So that's my M. I promised you you will know M.
I will give you r zero. That is 9,000 kilometers.
That's the location at point D. I give you the conditions at D.
The speed at point D is 9.0 kilometers per second, and I'll give you phi zero is 120
degrees. Everything else we should be able to calculate
now from these numbers. First of all, with equation five, you can
convince yourself sticking in these numbers that the total energy is indeed negative.
Of course, if I make the total energy positive, it's not an ellipse, so then it's all over.
It is negative; it is an ellipse. So with equation number five, I then pop out
a. Right? Because that's one equation with one
unknown, and I put in the numbers-- you can confirm them and check them at home--
and I find that a is quite large. a is about 50,000 kilometers.
That's huge. That is almost infinity, not quite.

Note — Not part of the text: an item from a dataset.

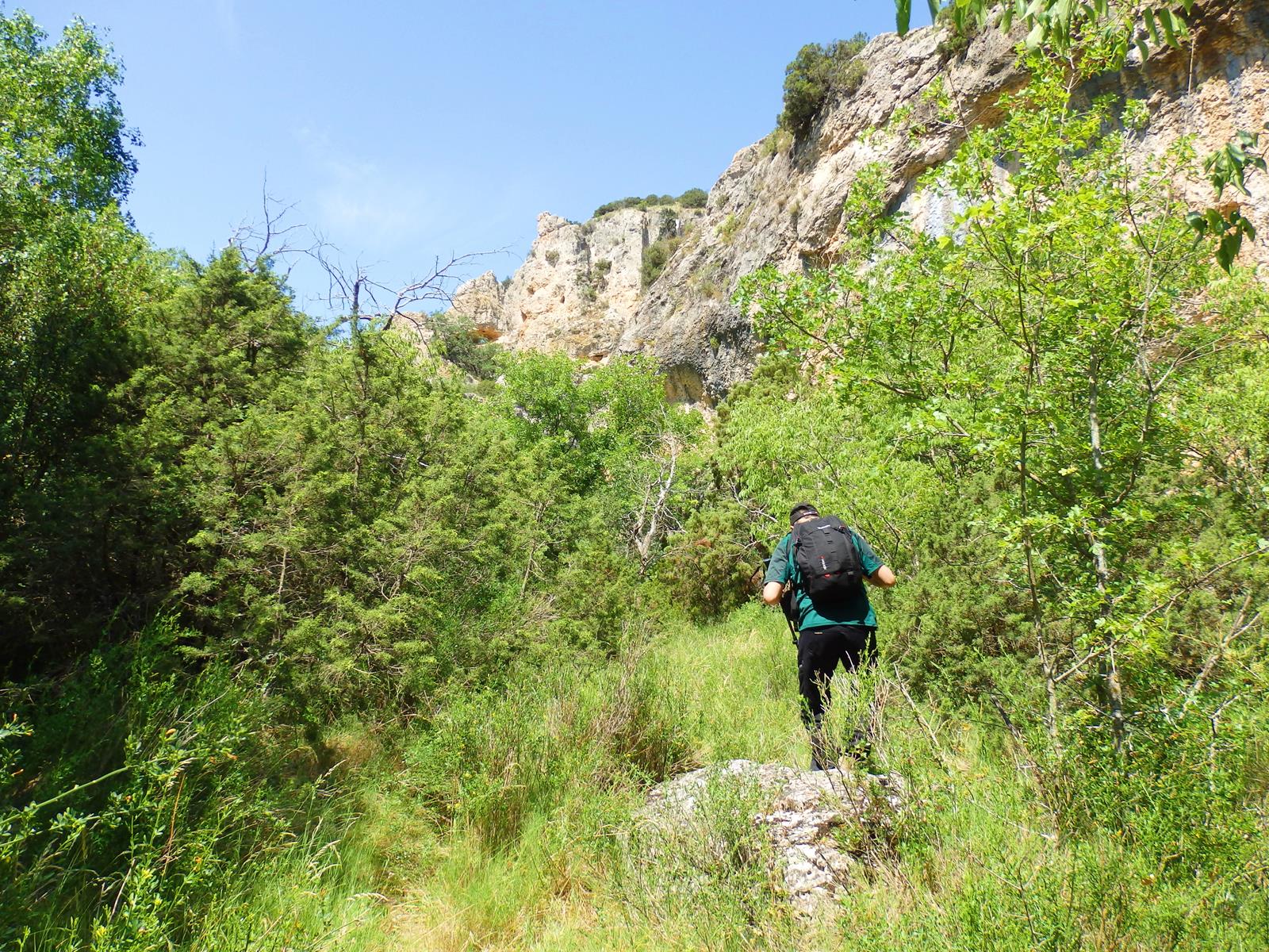 No hay camino ni senda, así que vamos buscando sortear la vegetación por los lugares que nos parecen más accesibles. A veces las zonas más despejadas están junto a la pared de roca.

Remember, it starts off at 9,000 kilometers, but a is 50,000 kilometers.
That means 2a is 100,000 kilometers. Why is that so large? Well, the answer lies
in evaluating the escape velocity. The escape velocity of this little mass when
it is at position D, for which these are the input parameters, is the square root of 2MG
divided by r zero, and that is 9.4 kilometers per second.

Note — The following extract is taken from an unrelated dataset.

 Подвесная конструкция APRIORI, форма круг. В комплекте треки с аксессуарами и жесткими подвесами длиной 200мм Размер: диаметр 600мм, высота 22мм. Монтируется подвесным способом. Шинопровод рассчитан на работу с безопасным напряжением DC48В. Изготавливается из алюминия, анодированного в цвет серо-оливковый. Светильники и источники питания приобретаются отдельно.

Well, if you need 9.4 kilometers per second to make it out to infinity, and you have nine
kilometers per second, you're pretty close already.
So that's the reason why this semimajor axis is indeed such a horrendous number.
It's no surprise. If now I use equation number six, then I find
the period, and I find that it takes about 31 hours for this object to go around the
Earth. So far, so good.
Now we want to know what the situation is with perigee and with apogee.
Can we calculate the distance QP? Can we calculate the speed at location P and at location A?
And now comes our superior knowledge. Now we're going to apply for the first time
in systems like this, the conservation of angular momentum.
Angular momentum is conserved about this point Q, but only about that point Q.
It is not conserved about any other point, but that's okay.
All I want is that point Q. That is where capital M is located.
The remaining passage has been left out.